* _Data provided_:

———

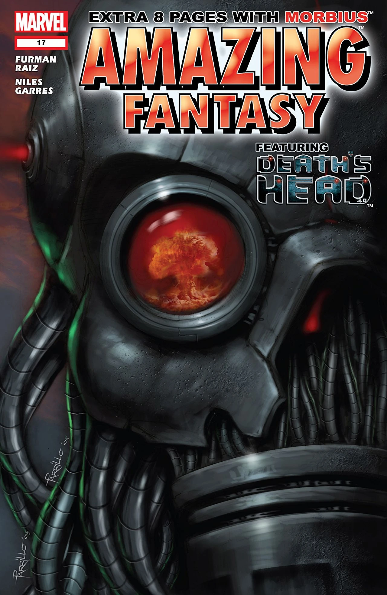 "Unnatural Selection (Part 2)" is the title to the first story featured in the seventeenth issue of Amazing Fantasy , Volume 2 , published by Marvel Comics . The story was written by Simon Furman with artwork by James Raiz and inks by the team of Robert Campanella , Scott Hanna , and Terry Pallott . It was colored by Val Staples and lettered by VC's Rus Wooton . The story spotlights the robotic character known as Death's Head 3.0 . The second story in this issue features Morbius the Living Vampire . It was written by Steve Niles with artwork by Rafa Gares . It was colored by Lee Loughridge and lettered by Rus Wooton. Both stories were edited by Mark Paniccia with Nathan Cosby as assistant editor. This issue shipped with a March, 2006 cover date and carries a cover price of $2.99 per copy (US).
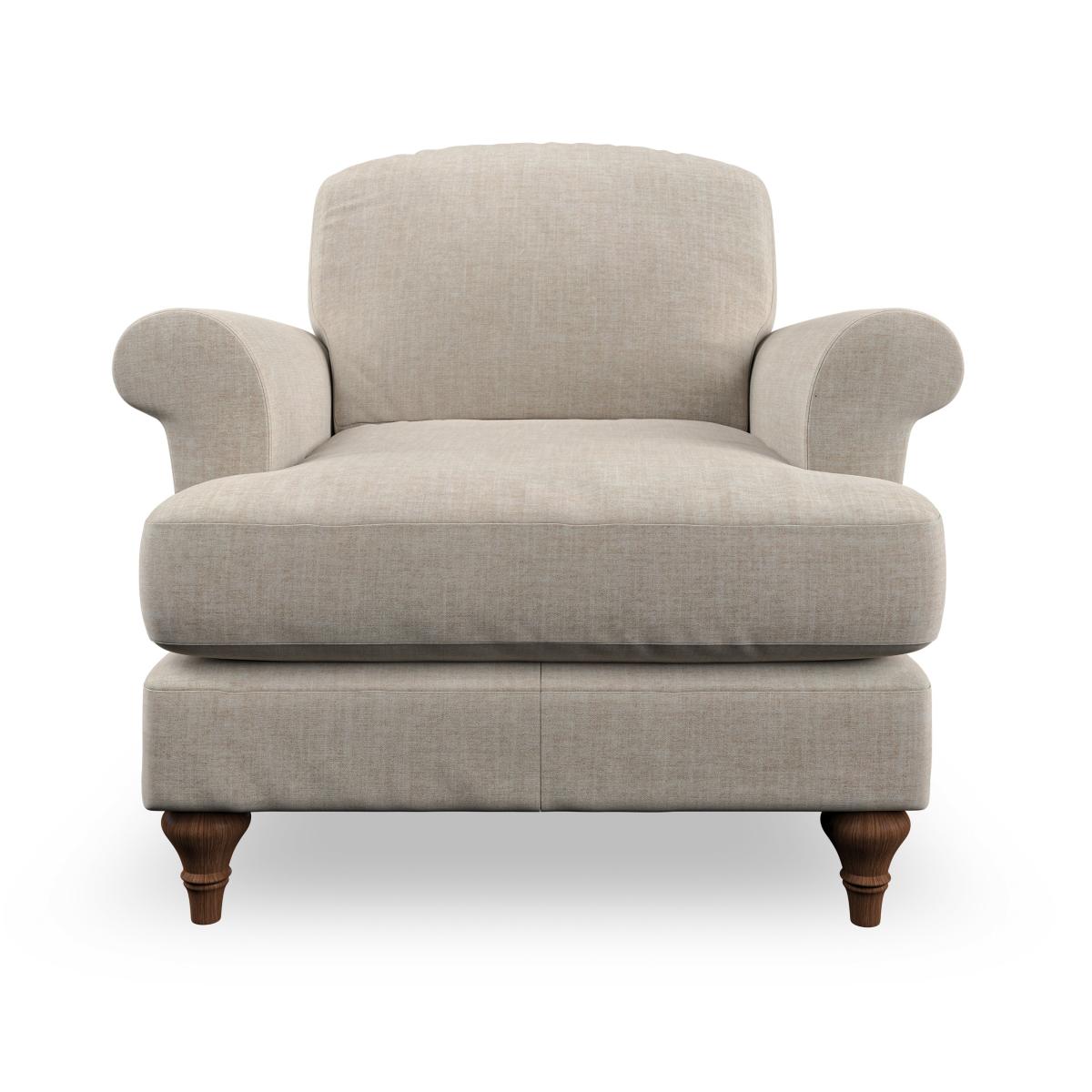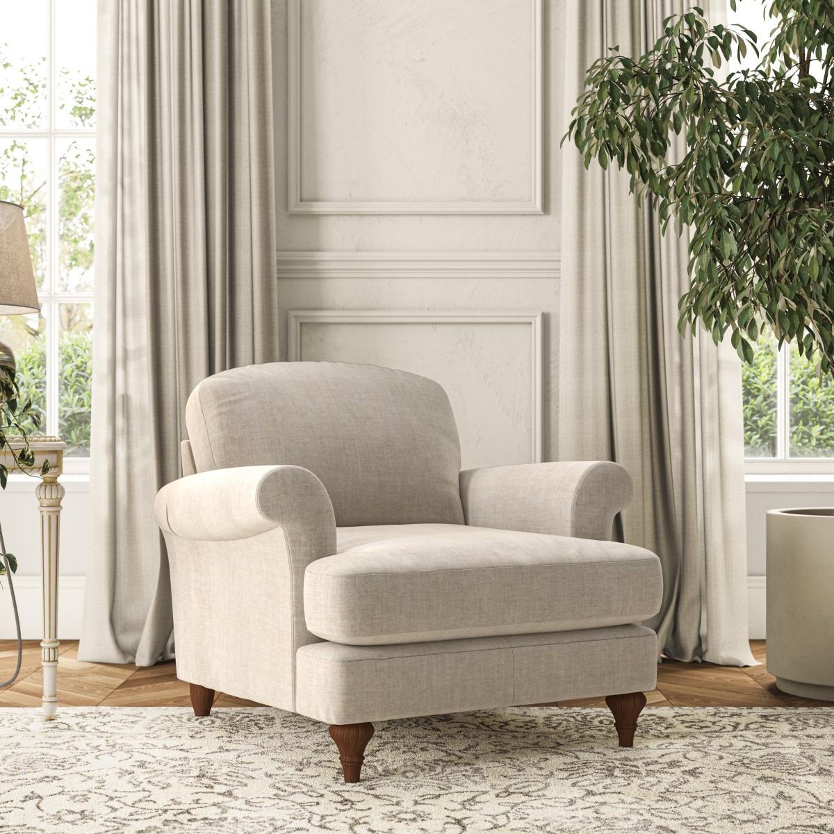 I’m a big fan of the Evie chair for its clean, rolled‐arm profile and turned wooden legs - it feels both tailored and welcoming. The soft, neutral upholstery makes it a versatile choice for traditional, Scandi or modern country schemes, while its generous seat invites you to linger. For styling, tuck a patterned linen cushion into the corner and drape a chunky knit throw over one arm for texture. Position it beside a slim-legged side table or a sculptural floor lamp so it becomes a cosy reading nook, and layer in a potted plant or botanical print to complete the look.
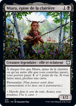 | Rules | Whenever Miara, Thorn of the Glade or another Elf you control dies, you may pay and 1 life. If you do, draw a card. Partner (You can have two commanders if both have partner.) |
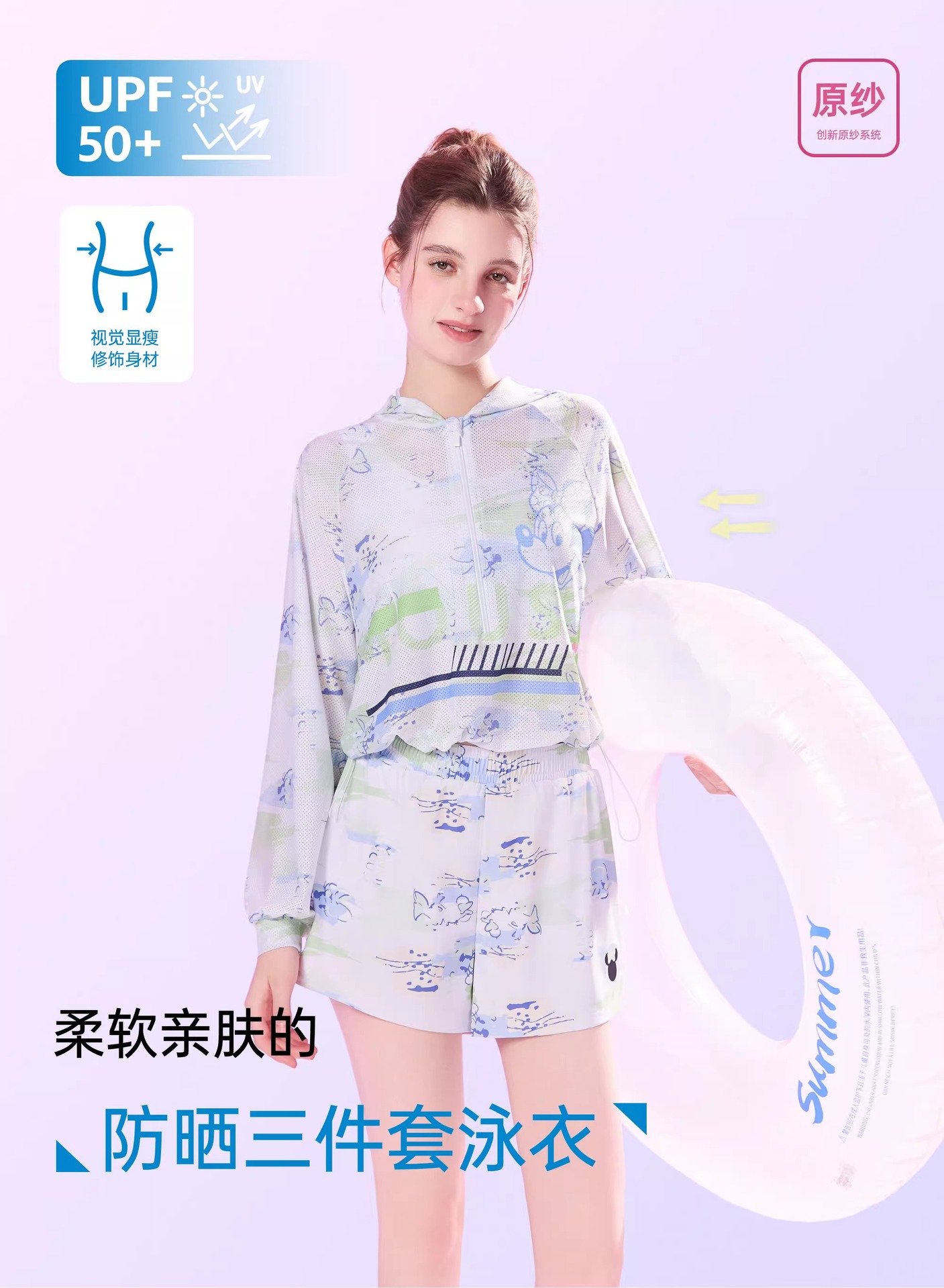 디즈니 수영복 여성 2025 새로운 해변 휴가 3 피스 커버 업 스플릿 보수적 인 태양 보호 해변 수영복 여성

———

* _Task to carry out_: Apart from the images, print all the material above exactly as given.

* _Response area_:
 "Unnatural Selection (Part 2)" is the title to the first story featured in the seventeenth issue of Amazing Fantasy , Volume 2 , published by Marvel Comics . The story was written by Simon Furman with artwork by James Raiz and inks by the team of Robert Campanella , Scott Hanna , and Terry Pallott . It was colored by Val Staples and lettered by VC's Rus Wooton . The story spotlights the robotic character known as Death's Head 3.0 . The second story in this issue features Morbius the Living Vampire . It was written by Steve Niles with artwork by Rafa Gares . It was colored by Lee Loughridge and lettered by Rus Wooton. Both stories were edited by Mark Paniccia with Nathan Cosby as assistant editor. This issue shipped with a March, 2006 cover date and carries a cover price of $2.99 per copy (US).
 I’m a big fan of the Evie chair for its clean, rolled‐arm profile and turned wooden legs - it feels both tailored and welcoming. The soft, neutral upholstery makes it a versatile choice for traditional, Scandi or modern country schemes, while its generous seat invites you to linger. For styling, tuck a patterned linen cushion into the corner and drape a chunky knit throw over one arm for texture. Position it beside a slim-legged side table or a sculptural floor lamp so it becomes a cosy reading nook, and layer in a potted plant or botanical print to complete the look.
 | Rules | Whenever Miara, Thorn of the Glade or another Elf you control dies, you may pay and 1 life. If you do, draw a card. Partner (You can have two commanders if both have partner.) |
 디즈니 수영복 여성 2025 새로운 해변 휴가 3 피스 커버 업 스플릿 보수적 인 태양 보호 해변 수영복 여성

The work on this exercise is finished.